• [PROBLEM REQUIREMENTS]: Since the records include pictures, leave those out while you reproduce exactly and only the lines from the one containing "Maruane Shosha has" through the one containing "過去10年で最多となる9回の", inclusive.

• [EXTRACTED INFORMATION]:
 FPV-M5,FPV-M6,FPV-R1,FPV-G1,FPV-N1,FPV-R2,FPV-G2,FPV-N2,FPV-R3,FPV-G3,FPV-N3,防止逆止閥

...

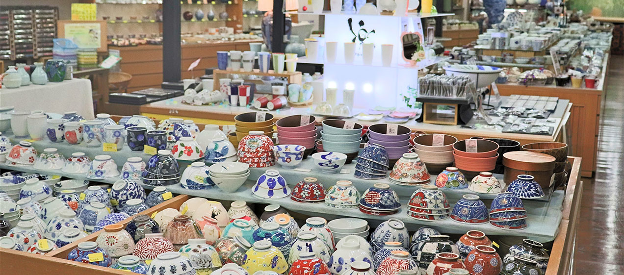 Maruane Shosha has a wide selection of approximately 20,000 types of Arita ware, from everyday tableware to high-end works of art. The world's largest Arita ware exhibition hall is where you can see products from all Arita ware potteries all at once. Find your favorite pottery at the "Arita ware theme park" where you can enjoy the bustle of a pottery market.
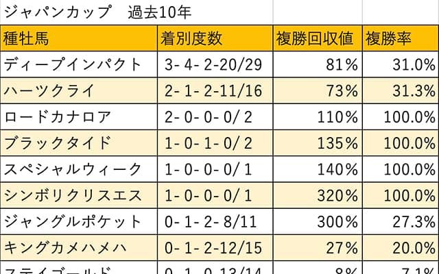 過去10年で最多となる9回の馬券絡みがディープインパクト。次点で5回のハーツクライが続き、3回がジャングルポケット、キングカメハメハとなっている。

==

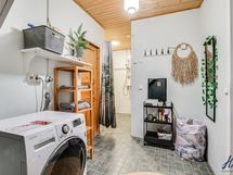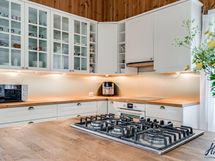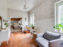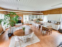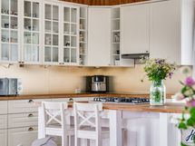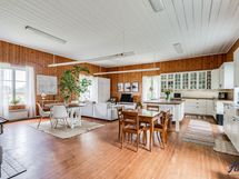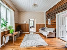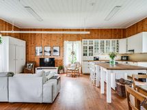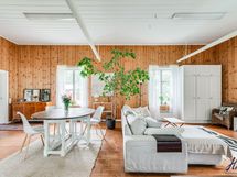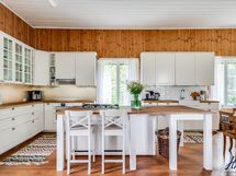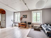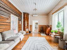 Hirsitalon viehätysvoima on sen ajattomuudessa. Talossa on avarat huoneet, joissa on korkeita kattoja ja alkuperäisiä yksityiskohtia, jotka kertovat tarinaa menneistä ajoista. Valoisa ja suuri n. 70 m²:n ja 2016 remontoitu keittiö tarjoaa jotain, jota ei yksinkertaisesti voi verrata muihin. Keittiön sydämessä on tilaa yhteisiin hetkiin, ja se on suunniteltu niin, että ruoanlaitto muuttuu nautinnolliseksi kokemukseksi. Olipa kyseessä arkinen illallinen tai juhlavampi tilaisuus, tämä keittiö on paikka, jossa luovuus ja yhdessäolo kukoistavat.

• [YOUR SOLUTION]:
 Maruane Shosha has a wide selection of approximately 20,000 types of Arita ware, from everyday tableware to high-end works of art. The world's largest Arita ware exhibition hall is where you can see products from all Arita ware potteries all at once. Find your favorite pottery at the "Arita ware theme park" where you can enjoy the bustle of a pottery market.
 過去10年で最多となる9回の馬券絡みがディープインパクト。次点で5回のハーツクライが続き、3回がジャングルポケット、キングカメハメハとなっている。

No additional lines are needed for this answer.